Косарик, тяжело сглатывая, вытер со лба испарину. Эко служивый тебя в пот швырнуло, сущее мгновение и ты весь мокрый. Весь! И внутри оборвалось, ровно в пропасть сбросили. Встать хочешь, а ноги не слушаются.
— Где рубцы? — спросил шепотом. Не оттого, что спят все, а разбудить жаль — просто голос от жути не идёт. Ужом выползает из глотки, такой же тягучий и неслышный.
Мальчишка нарисовал пальчиком прямо по лицу отца. Здесь, здесь, и здесь.
— А ещё тута, — показал на лоб.
— Показалось, — Косарик ухватился за последнюю надежду. — Светоч больно тускл. Видно плохо. Померещилось тебе, Пестря.
— Ничего не померещилось. У меня соколиный глаз, сам говорил.
— Да, говорил, — стражник, едва не подвывая от ужаса, взъерошил сыну вихор. — Спи…

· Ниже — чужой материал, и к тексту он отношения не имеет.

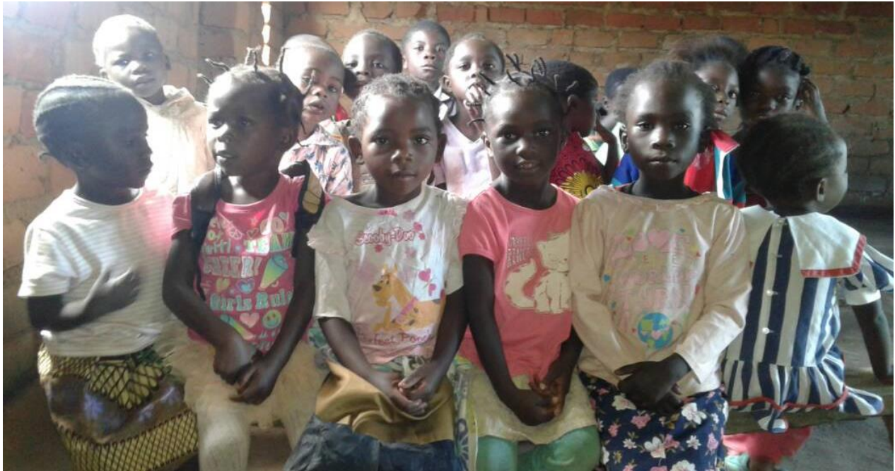
Preschool Class at Mwambezi Village

The second challenge the people of Mwambezi face is taking children to school. In order to attend school children have to walk 12 km to the nearest school. 12 km does not seem much for an adult. But for a child it is not easy. This is a barrier to education for most children at Mwambezi village. Further, before a child can attend school, they must pay a school fee, buy new uniform and have school supplies. This is a nightmare for most families. Most families do not just have the money to afford taking children to school.
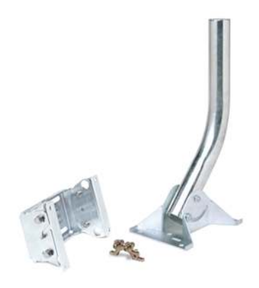
Table 11. Cisco Aironet 1400 Series Bridge Accessory Features
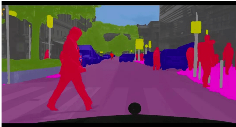
Figure 1: Schematic representation of the image segmentation problem. For every pixel of one input image, the system must produce one output (label) that corresponds to the type of object at that location.

Image segmentation involves converting an image into a collection of regions of pixels that are represented by a mask or a labeled image. By dividing an image into segments, we can process only the important segments of the image instead of processing the entire image.
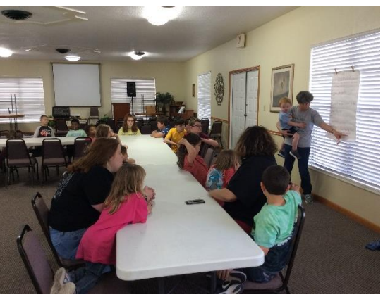
Learning scripture and choral reading of the scripture
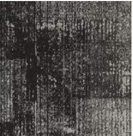
Bright: Dusk 96B
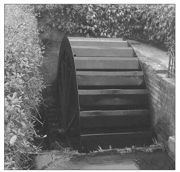
Ludbridge Mill - local water power

The Parish Council has been successful in obtaining a small grant from Thames Valley Energy (a new unit sponsored by the Countryside Agency as part of their Community Renewables Initiative ) to undertake a feasibility study of developing renewable energy sources for the village. The Government has set a national target of 10% of electricity to be generated from renewable sources by 2010, to help meet the requirements for overall reduction in greenhouse gases. Most of the village energy at present is generated from gas, electricity, with some wood burn-
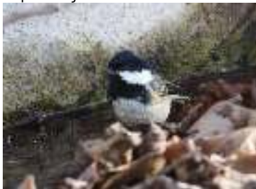
Coal Tit, Troodos, 14 th December.
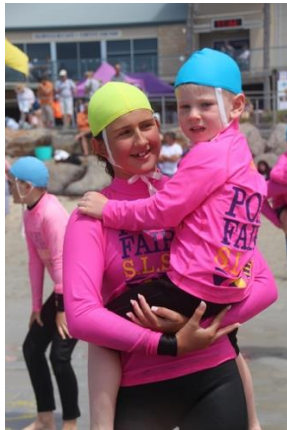
Under 9 – receiving special care
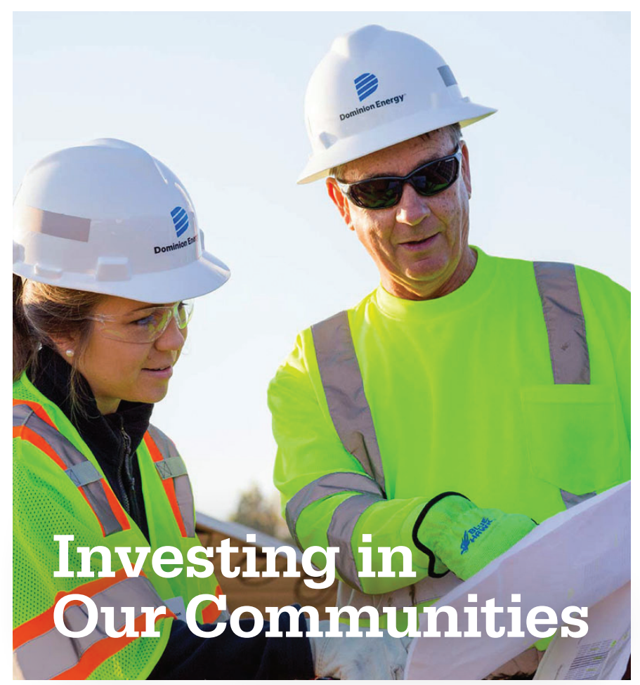
Not project specific.
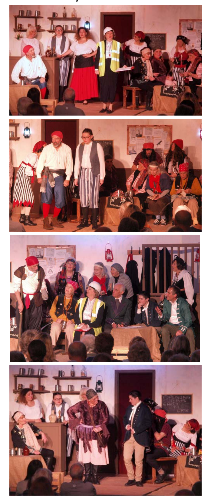
Tip: Copy links given into your browser
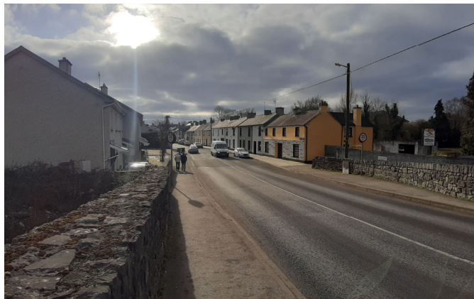
Figure 1— A view from the north (Spa St) into Portarlinton.

The Project Team consists of the Binnies/NOD joint venture, Laois Co. Co., the OPW, and Offaly Co. Co..
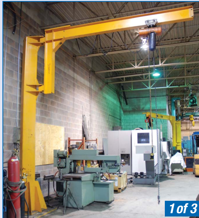
JIB CRANES UP TO 1 TON
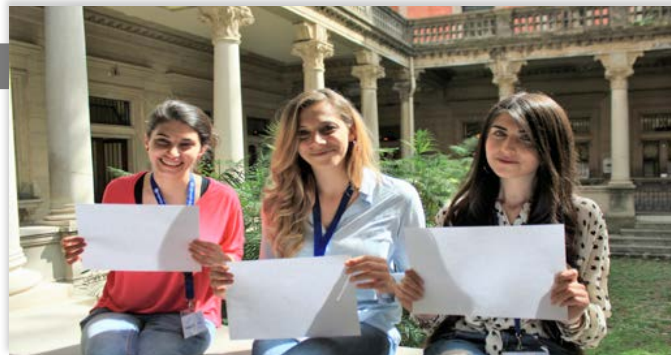
Students in the Secretary's office
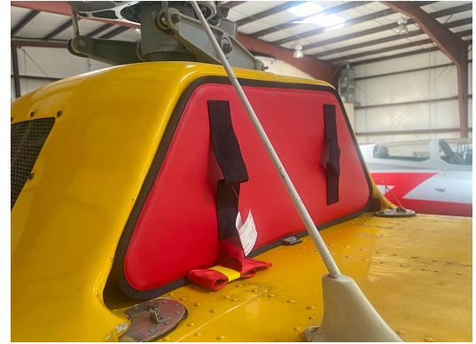
BO 105CB Intake Plug
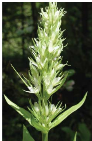
(Left) Photo of Umpqua gentian or Frasera umpquaensis inflorescence.

agencies, and the Bureau of Land Management (BLM) and the Forest Service developed a conservation strategy to maintain viable populations of genetic diversity (necessary for any species—plant, animal, microbial—to be able to adapt to changing conditions). To that end, researchers have monitored three populations of Umpqua gentian on the Medford District of the BLM since 1995.
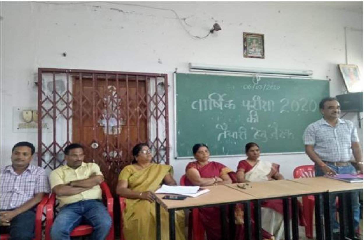
Photo:- Meeting on Preparation of IQAC national seminar, Below-Meeting of Exam. Committee.
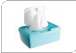
Baby wet wipes
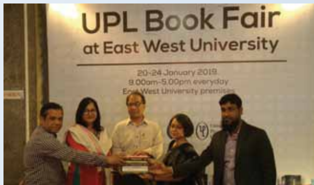
Book donation ceremony by UPL
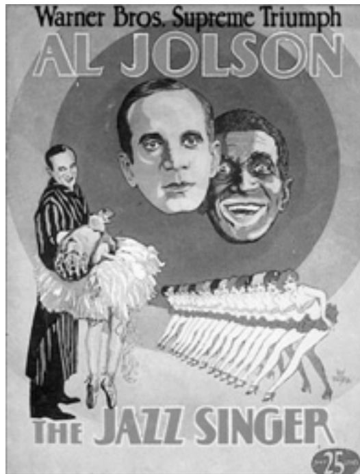
Poster for the film 'The Jazz Singer', the first 'talkie' film.

13 Study the picture and then answer the questions which follow.
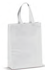
NW-SUB-A5H for Sublimation

Non-woven bag. Product Size : 190 x 240 x 120 mm - A5 Size. Printing Options : White Bag : Sublimation, Black Bag : Screen Printing

А когда малец закрыл глаза, ещё долго сидел и про себя повторял: «волки», «волки»…
— А зря ты это сказал.
— Что? — Стюжень, кряхтя, устроился под одеялом поудобнее.
— День в дороге, ночь в тревоге.
— А что не так?
— Наоборот бы. Ночь в тревоге, день в дороге. Правильнее. Как бы лихо не подманил. Вторую ночь подряд веселье — это слишком.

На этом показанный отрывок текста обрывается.